TASK OBJECTIVE:
Pictures stay out of this copy; please retype only the lines from the start of the records through the line with "I Stamped and".

==============================

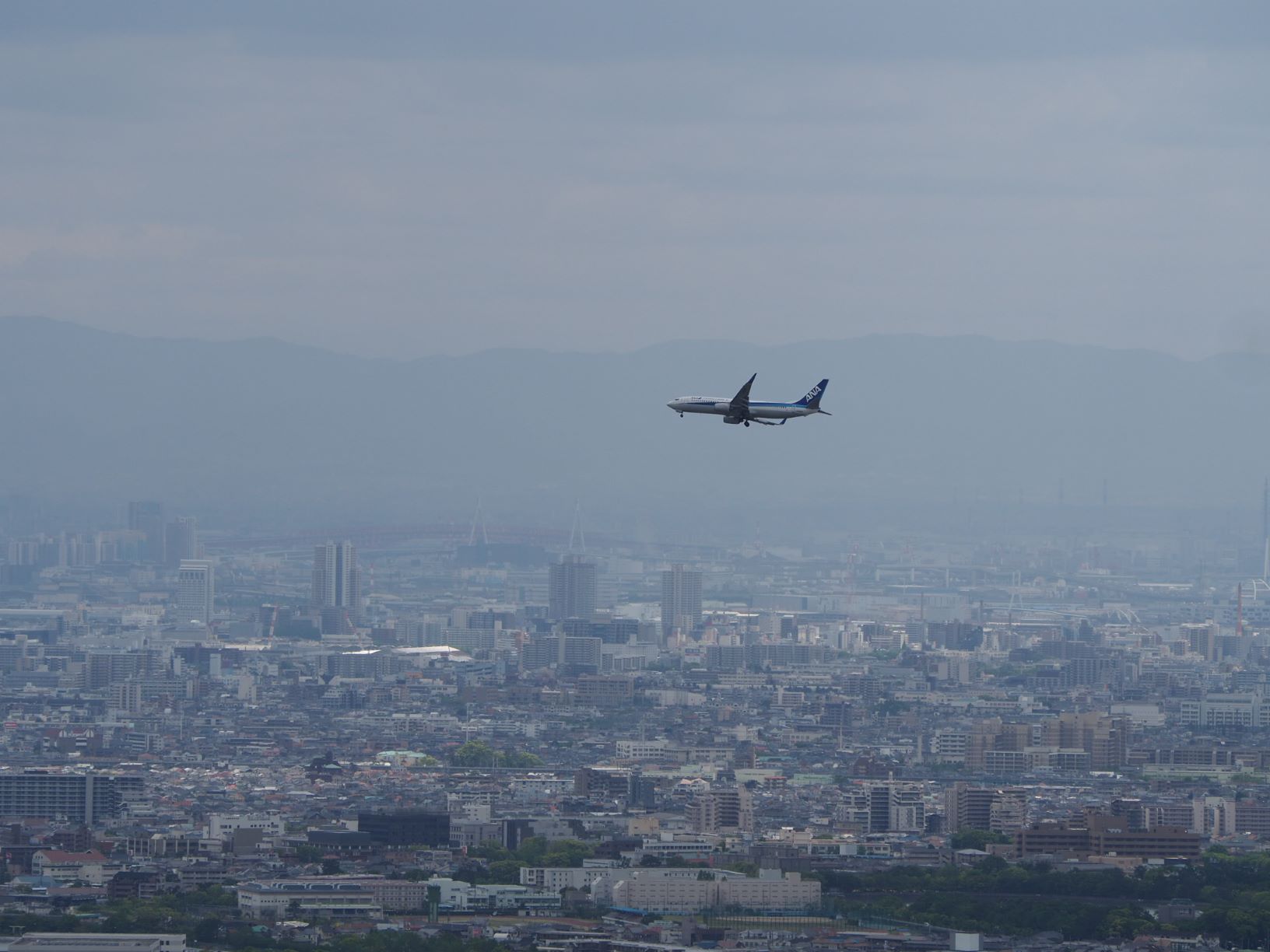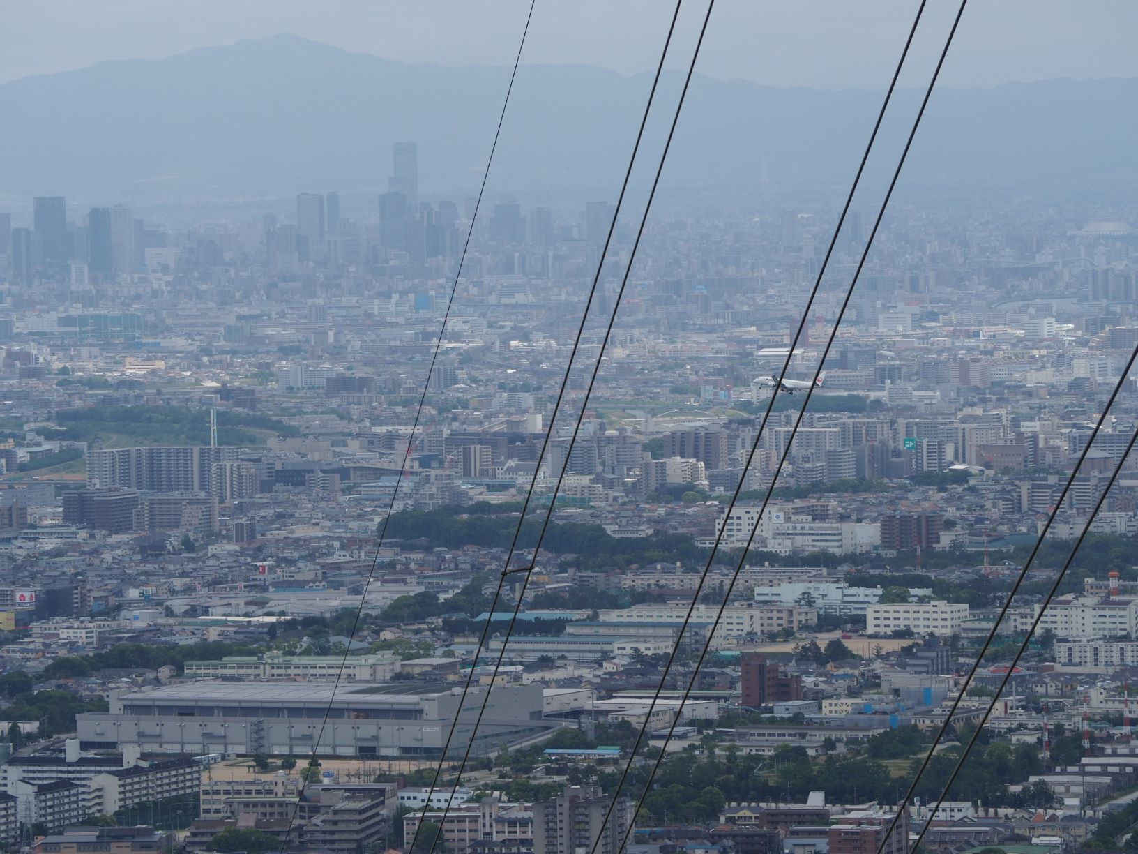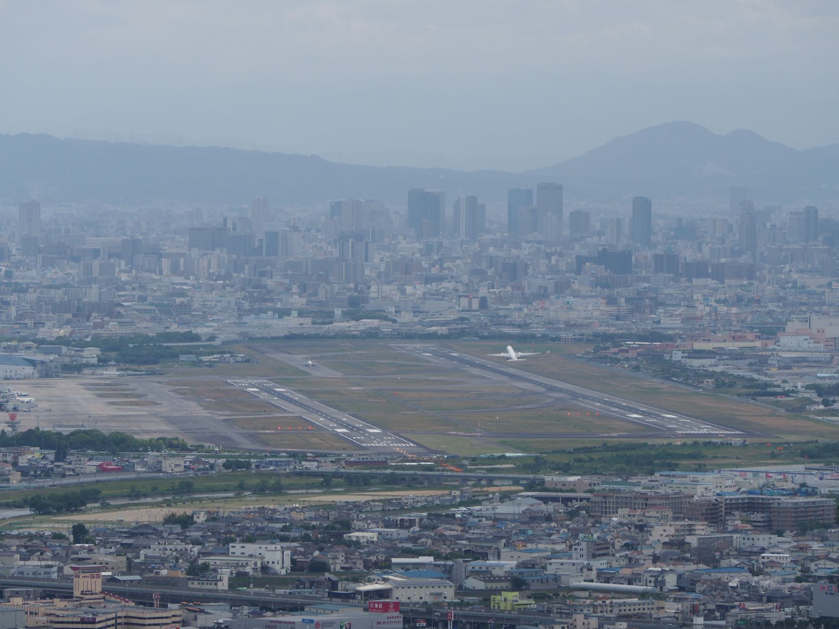 このあたりから、伊丹空港などを含めた街並みが見えてきます。ちょうど伊丹空港に着陸する飛行機が飛んでいました。
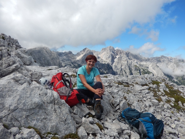 Za Begunjskim vrhom se usedeva in spet uživava. Načrtujeva naslednji korak. Greva do Cmira?
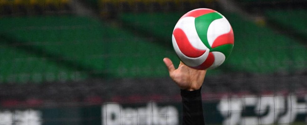 【写真】バレーボールを打つソフトバンク松本晴(撮影・岩下翔太)
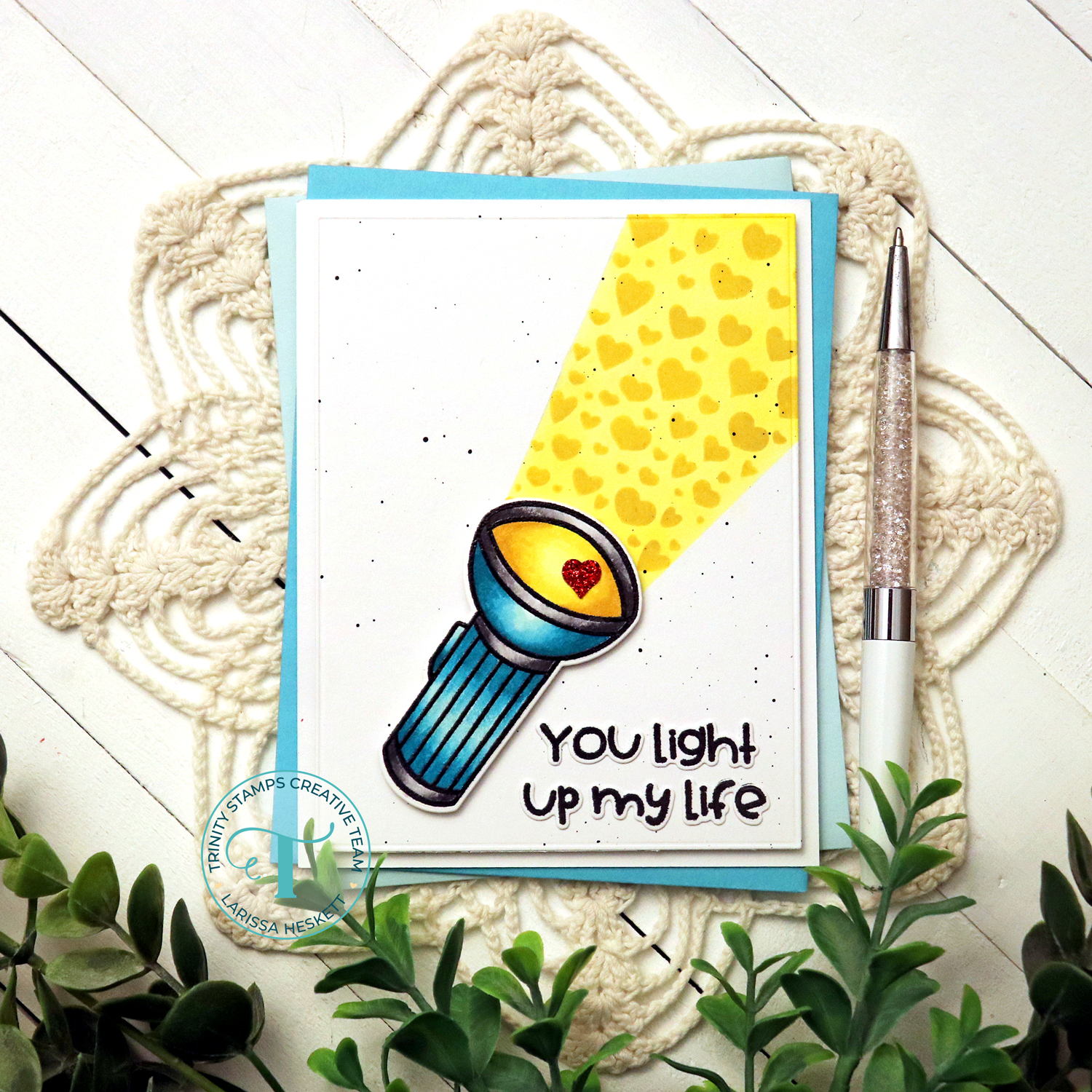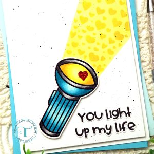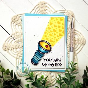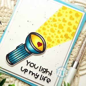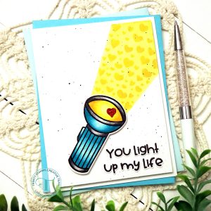 I Stamped and Embossed the “You Light Up My Life” Sentiment from the NEW Recharge Stamp Set using Versa Fine Black Onyx Ink and WoW Clear Gloss Embossing Powder and then used the coordinating NEW Recharge Die Set!! I adhered it to the Card Panel!! Then I adhered a Red Sparkle Hearts Confetti to the center of the Light and adhered the Flashlight using some Foam Tape for some Dimension!!
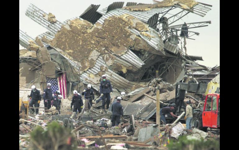 Internacional | Tal era la fuerza del fenómeno que pudo haber destruido edificios y carreteras El tornado que devastó Oklahoma tenía la categoría más alta Tal era la fuerza del fenómeno que pudo haber destruido edificios y carreteras, de acuerdo con los metereólogos Por: EL INFORMADOR 22 de mayo de 2013 - 00:29 hs OKLAHOMA, ESTADOS UNIDOS (22/MAY/2013).- Autoridades federales validaron en 321-337 kilómetros por hora la velocidad estimada máxima de los vientos del tornado que azotó Oklahoma, lo que lo coloca como un EF-5 en la escala Fujita mejorada, la categoría más poderosa para un meteoro. En plena incertidumbre por las labores de rescate, Amy Elliot, portavoz de la Oficina Forense de Oklahoma, confirmó que 51 personas habían muerto, incluidos 20 niños, pero advirtió de que su agencia esperaba al menos otros 40 muertos, lo que provocó que varios medios hablasen de 91 muertos. Horas después, revisaron y redujeron a 24 la cifra de víctimas tras el tornado que asoló el lunes el Sur de la capital. Elliot revisó así a la baja las últimas informaciones oficiales, que indicaban que había 51 fallecidos y cientos de heridos a causa del tornado de más de 320 kilómetros y categoría EF5. No obstante, indicó que a medida que continúe el trabajo de los bomberos y equipos de emergencia es probable que el número de fallecidos vuelva a ascender. Al menos siete de los nueve niños fallecidos eran alumnos de la escuela elemental Plaza Towers, en Moore, el pequeño suburbio a las afueras de Oklahoma City que fue el más afectado, cuyo colegio quedó reducido a escombros, y donde se ha rescatado a algunos menores. El presidente Barack Obama calificó el desastre de “uno de los tornados más destructivos de la historia”, pese a que: “Aún no sabemos hasta dónde llegan los daños y las pérdidas humanas y económicas que pueden haber ocurrido”. “En un instante, destruyó edificios e hizo que docenas de personas perdieran la vida”, entre ellos nueve niños que “trataban de refugiarse en el lugar más seguro que conocían: su escuela”. “Todos los afectados enfrentan un largo camino por delante, en muchos casos con una pena enorme, pero no están solos. Su país viajará con ustedes, agarrados a nuestra fe”. Obama conversó el lunes con la gobernadora Mary Fallin, y ayer hizo lo mismo con el alcalde de Moore, Glenn Lewis, “para dejar claro que Oklahoma tendrá todos los recursos que necesitan a su disposición”. EFE NUMERALIAEn detalle24: El número de muertos, incluidos al menos nueve niños. 200 heridos, por lo menos, entre ellos decenas de infantes. 200 voluntarios buscaron a los sobrevivientes. 16 minutos entre el momento en que se emitió la advertencia a las 14:40 horas del lunes y el instante en el que tocó tierra en Newcastle, duró el tornado. Fuentes: Autoridades de Emergencia en Moore, Oklahoma, y el Laboratorio de Tormentas Severas en Norman, Oklahoma. > REACCIONES Francisco, Ban Ki-moon, la UE y gobiernos se solidarizanBOGOTÁ, COLOMBIA.- El Papa Francisco; el secretario general de la ONU, Ban Ki-moon; la Comisión Europea y varios gobiernos se solidarizaron con Estados Unidos por la pérdida de vidas humanas y los daños materiales causados por el tornado que el lunes asoló Oklahoma City. En un mensaje enviado al arzobispo de dicha ciudad, Paul S. Coakley, el secretario de Estado del Vaticano, Tarcisio Bertone, transmitió la “profunda preocupación” con la que el Pontífice sigue las noticias sobre las consecuencias del “devastador” tornado. Por su parte, el secretario general de la ONU, Ban Ki-moon, lamentó “profundamente la muerte y destrucción que dejó en Oklahoma City el paso del tornado” y envió “sus condolencias a los familiares de las víctimas y los afectados”. La Comisión Europea expresó sus condolencias por el impacto del tornado por medio de un mensaje del presidente del Ejecutivo comunitario, José Manuel Durao Barroso, que también Costa Rica, Colombia y Honduras se unieron. Con información de EFE y AFP Temas Norte América Tornados EU Estados Unidos Lee También ¿Bad Bunny fuera del Super Bowl? Este sería el show alternativo Poza Rica, inundado por desbordamiento del río Cazones Bad Bunny permanece sentado durante "God Bless America" y enciende las redes Lista actualizada de selecciones que ya clasificaron al Mundial 2026 Recibe las últimas noticias en tu e-mail Todo lo que necesitas saber para comenzar tu día Registrarse implica aceptar los Términos y Condiciones
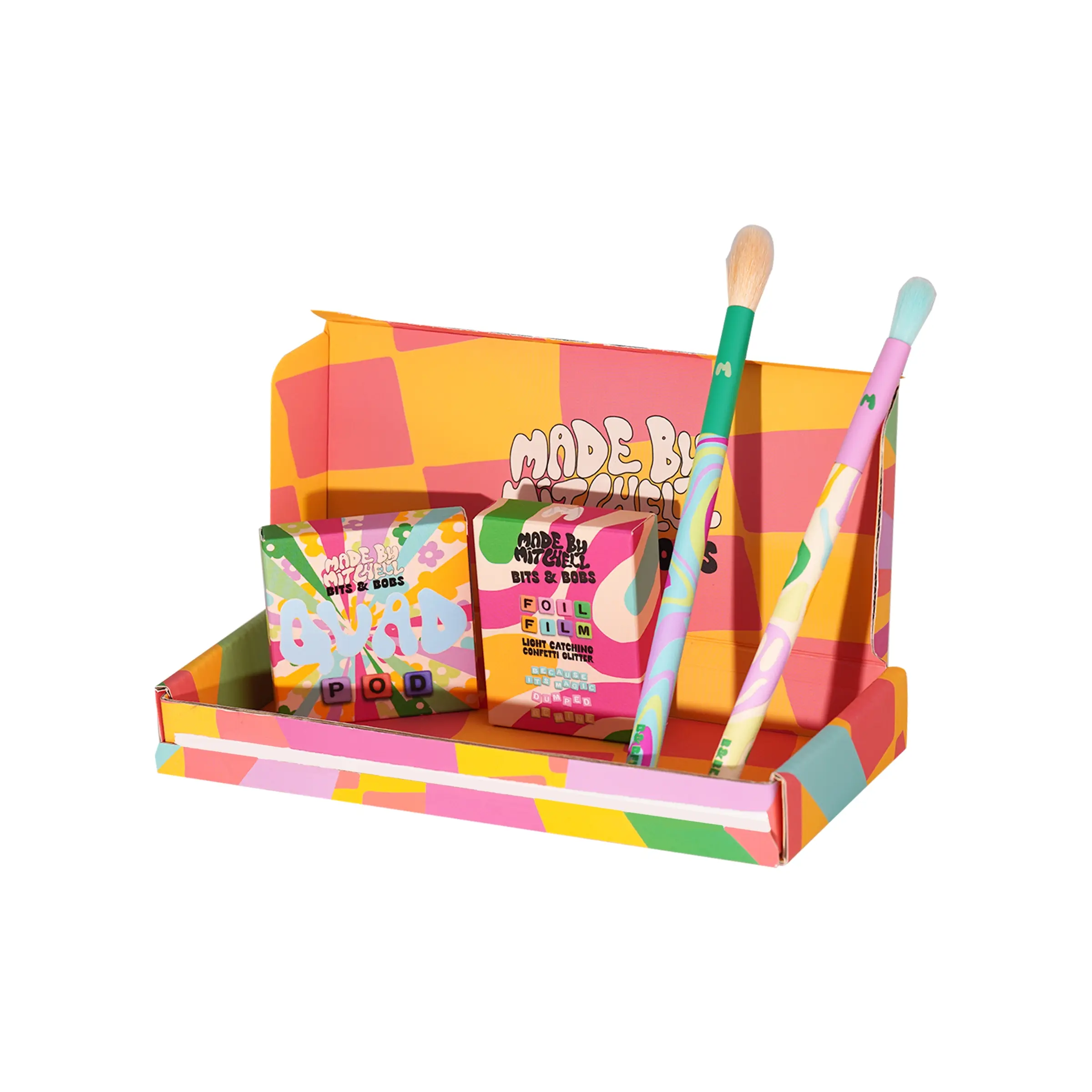 Bring Y2K vibes to your makeup routine with the Bits & Bobs Collection, featuring playful, retro-inspired eye kits that let you mix, match, and create endless looks. Each bundle is curated with Quad Pods, foil effects, and precision brushes to give you bold, versatile, and fun eye makeup in one set.
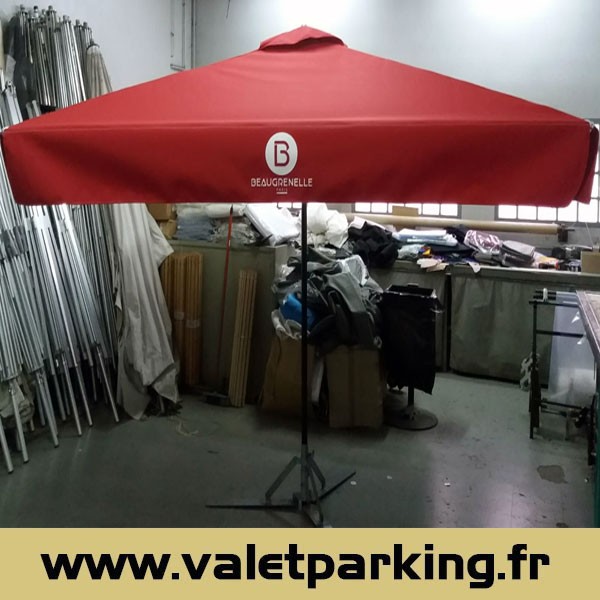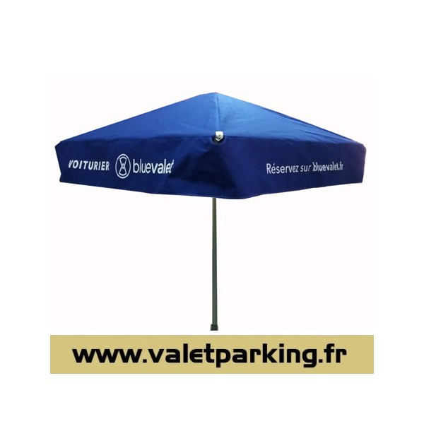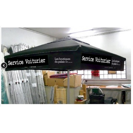 LOCATION PARASOL VOITURIER ALUMINIUM NOIR AVEC BAS VOLETS AVEC MARQUAGE PERSONNALISE - STANDARD 160X160 CM
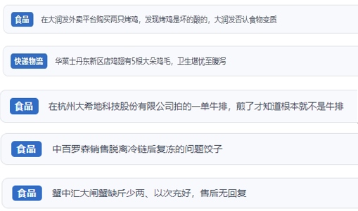 “人民投訴”上不少網(wǎng)友反映,“外賣商家銷售排骨套餐中含過期飲料”“外賣店鋪吃出蟑螂,商家不按照食品安全法賠償” “直播間購(gòu)買車?yán)遄?,虛假宣?J、原裝進(jìn)口,到貨嚴(yán)重貨不對(duì)板”“網(wǎng)購(gòu)東北珍珠貢米,到貨包裝上執(zhí)行標(biāo)準(zhǔn)是廢止的標(biāo)準(zhǔn)”“超市買的梅花肉切開發(fā)現(xiàn)是淋巴肉”“平臺(tái)商家承諾枸杞不熏硫酸,實(shí)則檢測(cè)后含硫超標(biāo)”“知名便利店售賣脫離冷鏈后多次復(fù)凍的餃子”等。

==============================

EXPECTED OUTPUT:
 このあたりから、伊丹空港などを含めた街並みが見えてきます。ちょうど伊丹空港に着陸する飛行機が飛んでいました。
 Za Begunjskim vrhom se usedeva in spet uživava. Načrtujeva naslednji korak. Greva do Cmira?
 【写真】バレーボールを打つソフトバンク松本晴(撮影・岩下翔太)
 I Stamped and Embossed the “You Light Up My Life” Sentiment from the NEW Recharge Stamp Set using Versa Fine Black Onyx Ink and WoW Clear Gloss Embossing Powder and then used the coordinating NEW Recharge Die Set!! I adhered it to the Card Panel!! Then I adhered a Red Sparkle Hearts Confetti to the center of the Light and adhered the Flashlight using some Foam Tape for some Dimension!!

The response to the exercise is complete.